» Task to carry out
Reproduce from the records below, with no pictures, exactly the lines between the one containing "在平台建设过程中,项目团队成" and the one containing "楼Sir顺手查了下海口市住建", inclusive.

» Given information
***

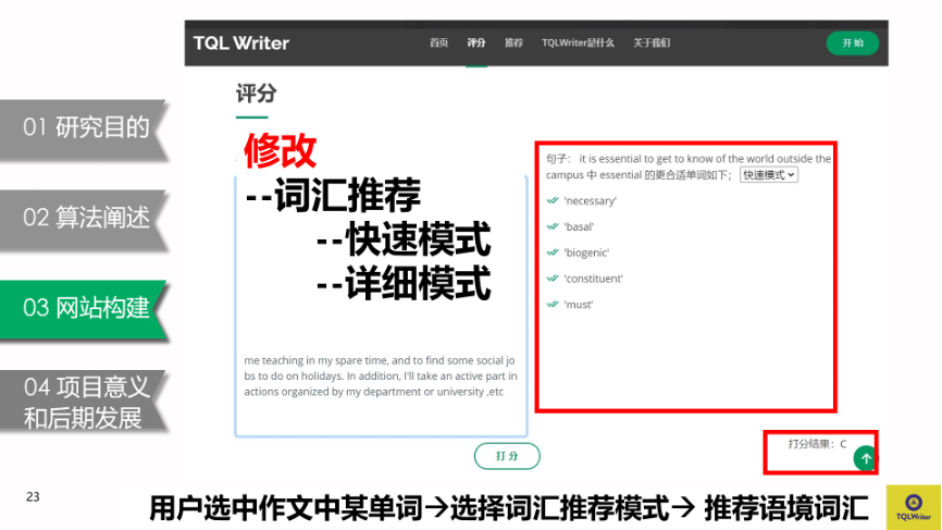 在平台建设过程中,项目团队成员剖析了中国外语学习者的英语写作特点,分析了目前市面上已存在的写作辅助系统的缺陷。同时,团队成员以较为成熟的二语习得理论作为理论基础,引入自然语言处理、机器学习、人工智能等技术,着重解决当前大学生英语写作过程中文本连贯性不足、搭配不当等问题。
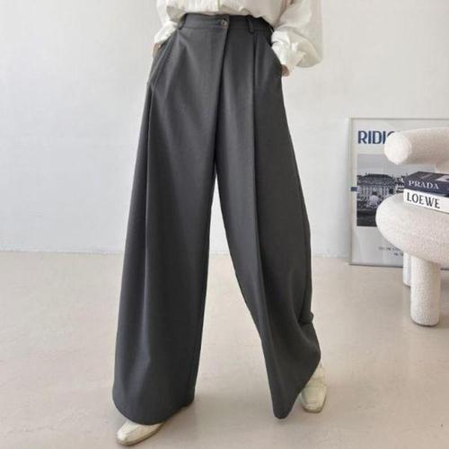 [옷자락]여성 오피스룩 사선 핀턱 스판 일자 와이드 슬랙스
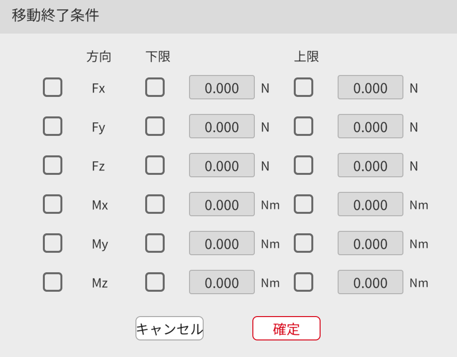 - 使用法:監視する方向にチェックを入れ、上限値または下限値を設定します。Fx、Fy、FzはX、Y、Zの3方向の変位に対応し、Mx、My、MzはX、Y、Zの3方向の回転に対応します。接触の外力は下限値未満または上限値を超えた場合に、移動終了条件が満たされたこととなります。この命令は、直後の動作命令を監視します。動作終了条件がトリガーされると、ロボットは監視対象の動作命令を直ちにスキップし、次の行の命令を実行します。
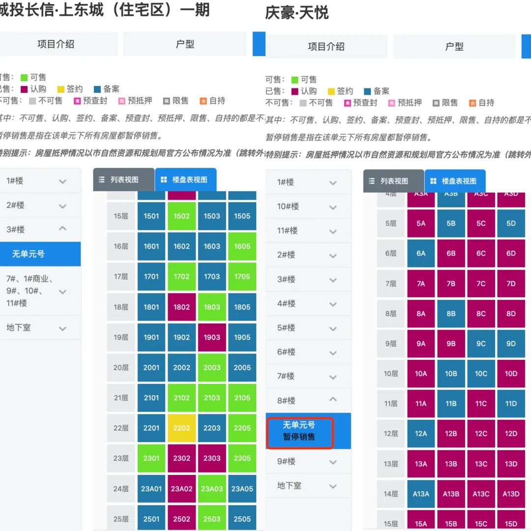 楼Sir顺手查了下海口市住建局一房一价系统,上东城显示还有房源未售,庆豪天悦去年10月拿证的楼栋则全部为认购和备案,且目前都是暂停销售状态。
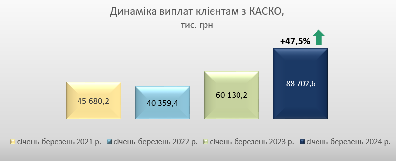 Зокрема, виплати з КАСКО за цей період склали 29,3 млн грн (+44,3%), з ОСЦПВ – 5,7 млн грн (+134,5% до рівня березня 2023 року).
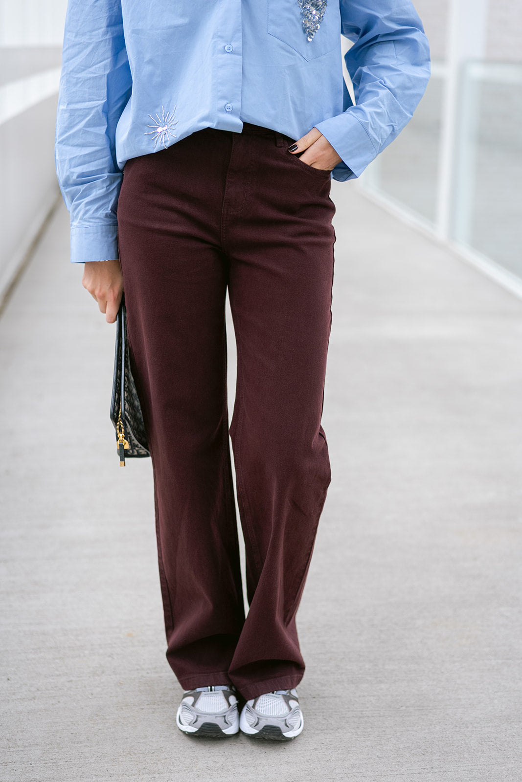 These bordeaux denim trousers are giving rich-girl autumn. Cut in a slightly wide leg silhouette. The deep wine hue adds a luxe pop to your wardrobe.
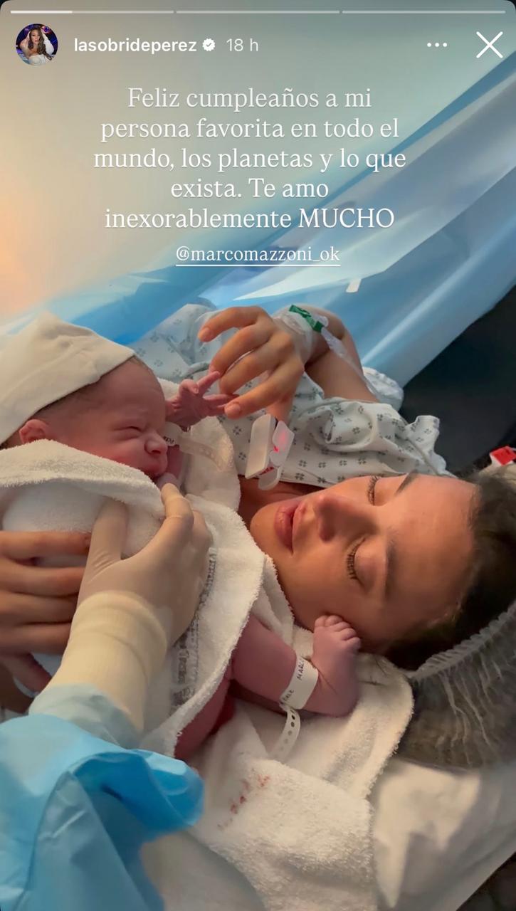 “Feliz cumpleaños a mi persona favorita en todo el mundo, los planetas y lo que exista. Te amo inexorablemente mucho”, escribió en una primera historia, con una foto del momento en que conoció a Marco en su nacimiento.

***

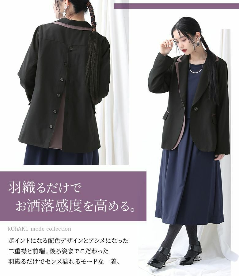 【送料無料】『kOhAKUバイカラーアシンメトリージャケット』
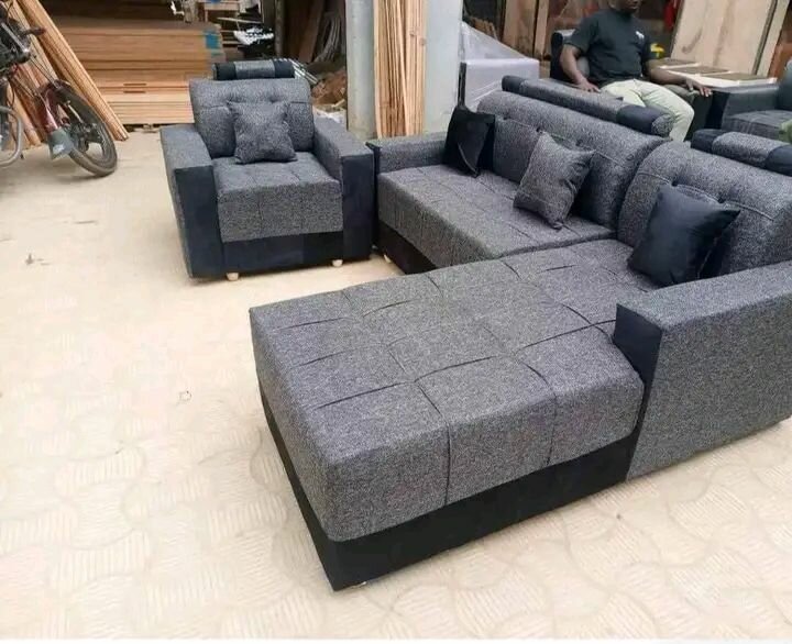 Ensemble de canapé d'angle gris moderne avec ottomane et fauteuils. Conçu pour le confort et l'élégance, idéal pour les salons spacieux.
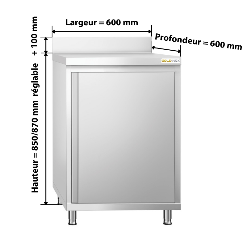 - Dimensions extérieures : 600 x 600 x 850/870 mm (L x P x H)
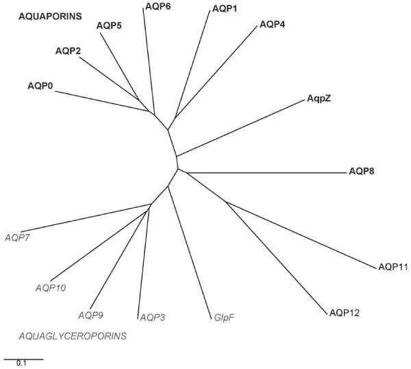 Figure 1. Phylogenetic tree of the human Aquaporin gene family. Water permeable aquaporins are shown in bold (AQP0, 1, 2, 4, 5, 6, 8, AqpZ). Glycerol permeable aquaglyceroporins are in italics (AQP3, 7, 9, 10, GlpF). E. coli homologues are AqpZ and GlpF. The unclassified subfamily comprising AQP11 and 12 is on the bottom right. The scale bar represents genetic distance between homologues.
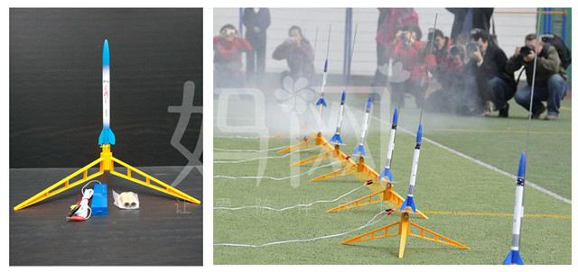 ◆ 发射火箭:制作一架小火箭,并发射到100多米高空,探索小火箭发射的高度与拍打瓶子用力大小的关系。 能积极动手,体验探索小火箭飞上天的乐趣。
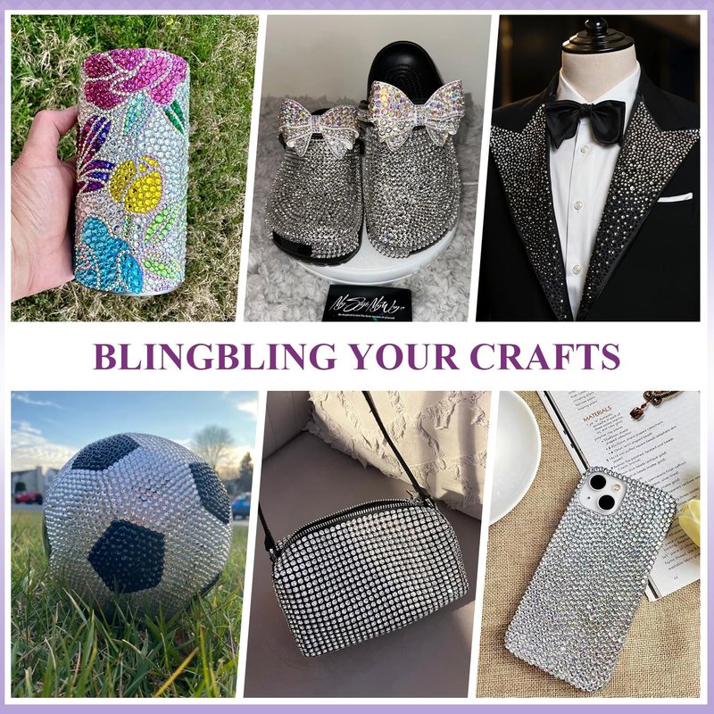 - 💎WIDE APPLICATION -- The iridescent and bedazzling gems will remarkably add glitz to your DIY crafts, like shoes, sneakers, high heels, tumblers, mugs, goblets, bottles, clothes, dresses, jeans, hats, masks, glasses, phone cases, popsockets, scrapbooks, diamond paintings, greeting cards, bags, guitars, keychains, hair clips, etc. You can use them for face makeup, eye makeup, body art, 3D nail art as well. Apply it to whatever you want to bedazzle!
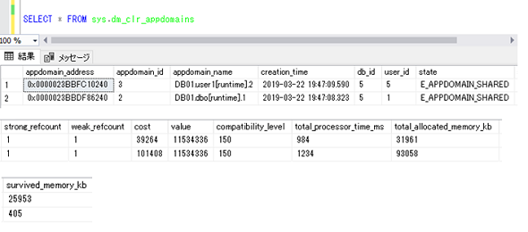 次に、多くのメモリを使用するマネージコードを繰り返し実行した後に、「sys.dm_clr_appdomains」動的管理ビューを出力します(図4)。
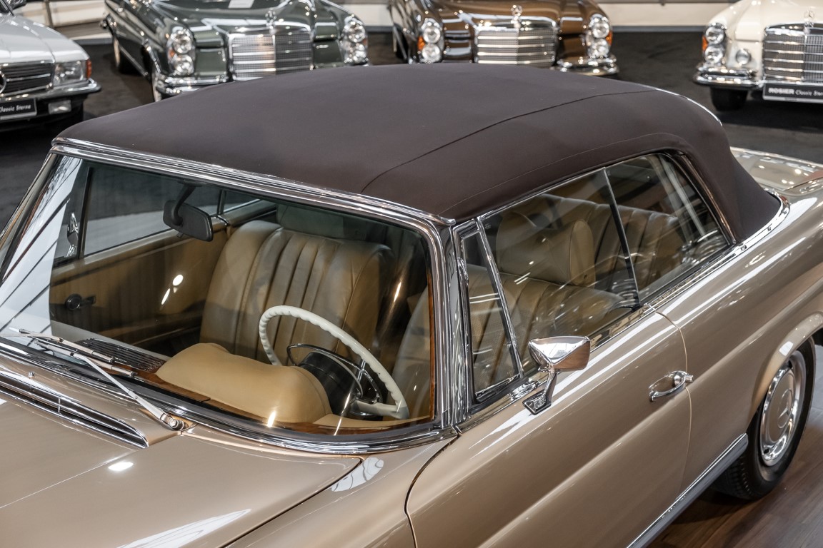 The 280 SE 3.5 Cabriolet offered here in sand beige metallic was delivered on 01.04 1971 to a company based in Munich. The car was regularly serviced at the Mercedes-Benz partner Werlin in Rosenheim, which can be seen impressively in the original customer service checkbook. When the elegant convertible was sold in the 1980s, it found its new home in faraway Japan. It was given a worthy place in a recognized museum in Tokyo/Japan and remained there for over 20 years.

***

» Problem solution
 在平台建设过程中,项目团队成员剖析了中国外语学习者的英语写作特点,分析了目前市面上已存在的写作辅助系统的缺陷。同时,团队成员以较为成熟的二语习得理论作为理论基础,引入自然语言处理、机器学习、人工智能等技术,着重解决当前大学生英语写作过程中文本连贯性不足、搭配不当等问题。
 [옷자락]여성 오피스룩 사선 핀턱 스판 일자 와이드 슬랙스
 - 使用法:監視する方向にチェックを入れ、上限値または下限値を設定します。Fx、Fy、FzはX、Y、Zの3方向の変位に対応し、Mx、My、MzはX、Y、Zの3方向の回転に対応します。接触の外力は下限値未満または上限値を超えた場合に、移動終了条件が満たされたこととなります。この命令は、直後の動作命令を監視します。動作終了条件がトリガーされると、ロボットは監視対象の動作命令を直ちにスキップし、次の行の命令を実行します。
 楼Sir顺手查了下海口市住建局一房一价系统,上东城显示还有房源未售,庆豪天悦去年10月拿证的楼栋则全部为认购和备案,且目前都是暂停销售状态。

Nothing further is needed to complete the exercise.